@Jonathan Edwards - That's actually not the case. Methylation doesn't always suppress gene expression - it depends what you methylate. Promoter methylation usually suppresses gene expression, whereas methylation of the gene body usually upregulates gene expression - although even that is not that simple, and it can vary between genes. Certain genes in particular are known to increase expression as methylation increases.
See:
http://www.ncbi.nlm.nih.gov/pubmed/25263941
From Nature (
http://www.nature.com/nrg/journal/v13/n7/full/nrg3230.html ):
"DNA methylation is frequently described as a 'silencing' epigenetic mark, and indeed this function of 5-methylcytosine was originally proposed in the 1970s. Now, thanks to improved genome-scale mapping of methylation, we can evaluate DNA methylation in different genomic contexts: transcriptional start sites with or without CpG islands, in gene bodies, at regulatory elements and at repeat sequences. The emerging picture is that the function of DNA methylation seems to vary with context, and the relationship between DNA methylation and transcription is more nuanced than we realized at first. Improving our understanding of the functions of DNA methylation is necessary for interpreting changes in this mark that are observed in diseases such as cancer."

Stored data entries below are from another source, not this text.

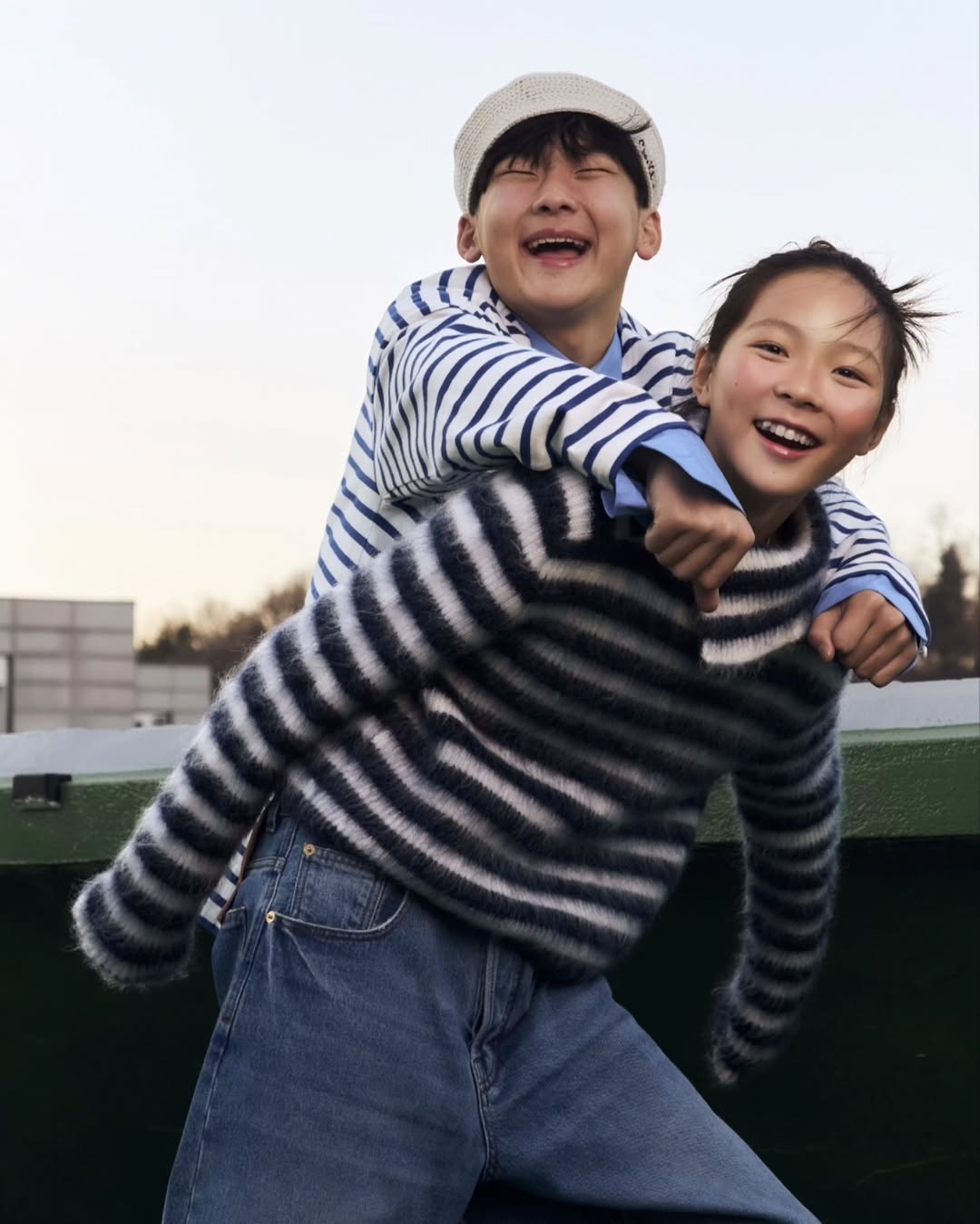 このたび公開された写真を見ると、紗蘭さんは12年来の親友ユウトさんと一緒に学校でさまざまなポーズを取っている。ボーダー柄の服を着た二人は屋上でおんぶするようなポーズを取っており、躍動感あふれる姿がほほ笑ましい。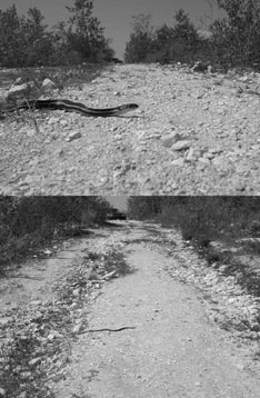 ) near Inwood, Manitoba. Note that snakes crossing the road generally do so by moving perpendicular to the main axis of the road.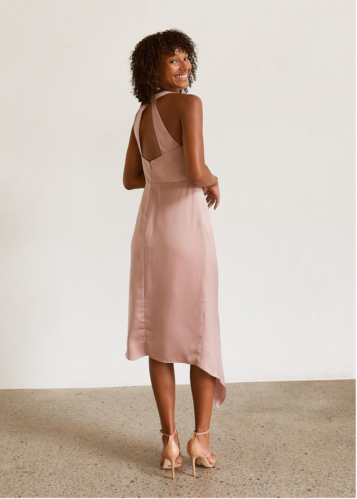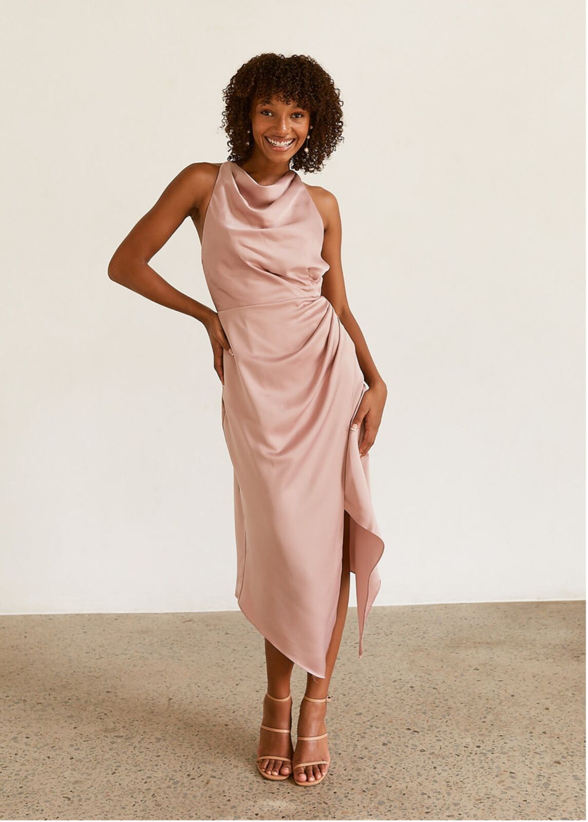 Description: Drape cowl halter neck satin midi dress with side gathered wrap front and A-symmetric hem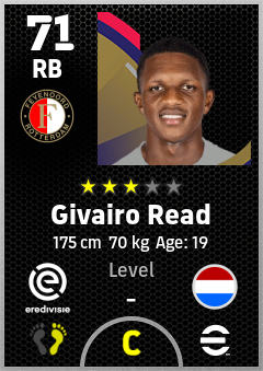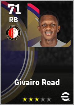. Givairo Read is a Right Back footballer from Netherlands who plays for Feyenoord in eFootball 2026.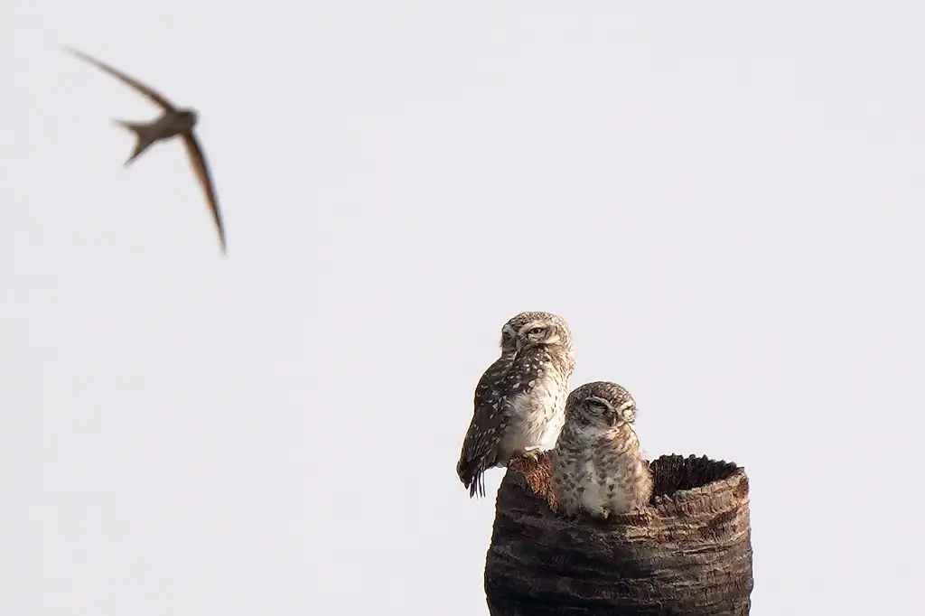 Hyderabad. Una pareja de búhos descansa sobre una palmera en esta zona de India. Foto Ap / Mahesh Kumar A.

There are 2 major classes of DNA methyltransferases in humans, DNMT-1 and DNMT-3 (several subtypes). DNMT-1 is the primary active form in mature humans. It functions by methylating hemimethylated CpG islands - i.e. after replication, a CpG island becomes hemimethylated, as one of the original 2 methylated strands goes to each of the 2 new replicated DNA double helices. DNMT-1 recognizes where there was full methylation previously (based on hemimethylated status) and methylates the other strand. So it doesn't really methylate indiscriminately. This is how cells maintain their commitment to a particular lineage - e.g. when an endothelial cell divides, it doesn't become a neuron. The epigenetic imprinting is copied by DMNT-1. Maternal imprinting is copied from cell to cell by this mechanism as well over the course of the organism's life.
DNMT-3 is active early in the development of the organism and much less later on and plays a key role in the commitment of various cell lineages. It will methylate unmethylated and hemimethylated CpG islands.
DNMT-1 can sometimes methylate portions of DNA that are not hemimethylated, but at MUCH lower frequency. This is why having sufficient methyl donors doesn't just lead to completely indiscriminate methylation of DNA and suppress anything and create "zombies." =P
There is evidence that hyperhomocysteinemia can impair the function of DNMT-3 in maintaining methylation, particularly in leukocytes.
Too much methylation isn't necessarily a good thing either - hypermethylation has been linked to cancer through suppression or activation of various genes. Like many things, the ideal balance is somewhere in the middle, and there are tradeoffs on either extreme.
Note that one characteristic of CpG islands is that they are palindromic when considered as double stranded - so if you have it on the sense strand, you have it on the antisense strand, when reading each 5' to 3'. This is why it makes so much sense to methylate them, as the methylation can be propagated as cells divide.
I don't think that adding methyl donors (aka "the methylation protocol") can override normal cell control, but it does allow the cell to maintain methylation patterns as DNA is copied. The key is whether we're discussing de novo or hemimethylated DNA methylation, and which DNA methyltransferases are involved. There is strong mechanistic / theoretical evidence that reducing homocysteine is beneficial in reducing cardiovascular risk, although I'm not aware of a large, high quality study that looked at the endpoint of reduced cardiovascular risk. My endocrinologist and I have discussed this at length, and he's very interested in the topic, and he is strongly of the view that hyperhomocysteinemia is a modifiable risk factor - although he believes elevated LDL cholesterol is NOT! (Statins work, but not for that reason - which is why fibrates and niacin, which lower LDL's, do not lower CHD risk.) I don't think everyone should follow a methylation protocol, and I'm not certain genetic testing is critically important, but I think if you have high serum homocysteine, you should take folic acid, and if that doesn't fix it, take methylated forms + TMG etc. to bring it down.